Searching through the wealth of genetic information revealed that living baby sea snails emerged gradually over the past 100,000 years as a series of mutations accumulated. However, we still do not know which of those incremental changes were instrumental in the surprising shift in reproductive strategy.

“I don’t think we can say exactly what was necessary specifically for the snails’ life trait at this time,” Butlin continued. “All 50 occur together in all living snails, so it seems that many of them are necessary – together – for the production of life, but we think that some of them are probably responsible for other things that are associated with the production of life , such as the shift to year-round breeding instead of only breeding in one season.”

As for why they made this move, it’s possible that the transition from laying eggs to living could benefit these snails by making their young less susceptible to drying out, being crushed, or being predated before they had a chance to hatch. But that doesn’t mean it hasn’t generated some costs for parents.

“Additional investment in hatchlings would almost certainly have placed new demands on the snails’ anatomy, physiology and immune system,” Stankowski said in a statement. statement. “Many of the genomic regions we identified are likely involved in responding to these types of challenges.”

Diversity of Littorina snail shells

The wide range of shell types and habitats of Littorina snails may be a result of their way of life allowing them to adapt to a wide range of environmental conditions. This has led to the evolution of many “ecotypes” that vary in size, shape and behavior.

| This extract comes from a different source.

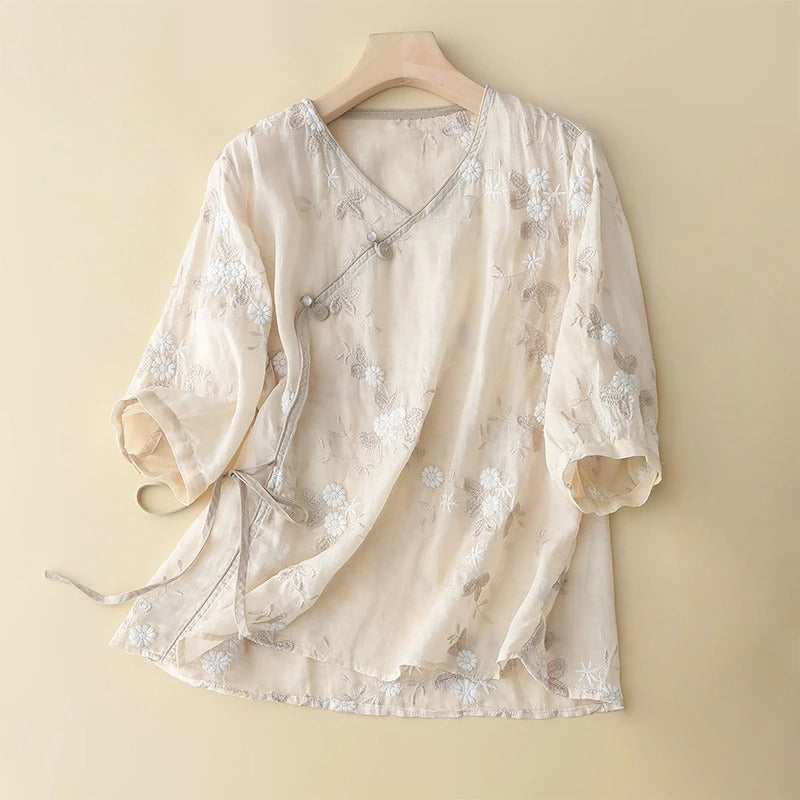 A whisper of vintage East meets modern romanticism. Crafted in gossamer linen, this blouse wraps the figure in soft asymmetry, traced with embroidered botanicals that feel both found and remembered. Hand-tied knots and gentle flourishes complete the look—artful, airy, and ineffably poetic.
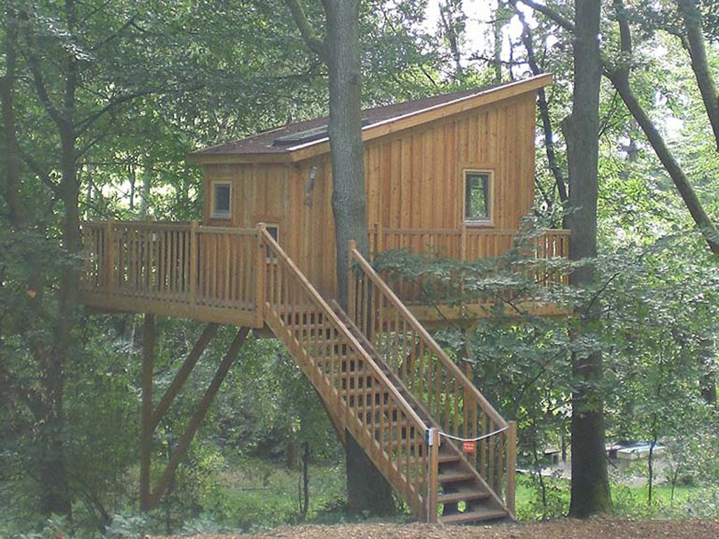 Die Wipfelglück Baumhäuser sind für bis zu zwei und für bis zu vier Personen ausgelegt. Sie sind etwa fünf Meter hoch über dem Boden aufgestellt und sowohl am Baum, als auch im Boden verankert.

Image credit: Fredrik Pleijel.

Understand how big changes like this occur in evolution It is something we rarely have the opportunity to investigate, as it occurs very slowly and in a wide range of species, many of which are extinct. The University of Sheffield team says this rare example of studying the genetic architecture of evolutionary change demonstrates that breakthrough innovations occur through incremental steps – no giant genetic leap is needed to establish surprising new functions.

Not only does this teach us about some of the big evolutionary changes of the past, like how feathers led to flight, but it can also give us insight into how future changes may occur in response to things like climate change, and what species are It is unlikely to adapt the thermal regulation necessary for survival.

“By discovering and studying the recent evolutionary change in the way sea snails give birth, we can now understand these important changes and apply our methods to many other evolutionary changes,” Butlin said in another statement.

“Our results will change the way biologists view major evolutionary transitions, shifting the focus from large leaps in evolution toward understanding the progressive benefits of small evolutionary steps. “They will also help others analyze the genetic and historical bases of other adaptive traits, which is important when many organisms are forced to adapt rapidly to a changing world.”

The study is published in the journal. Science.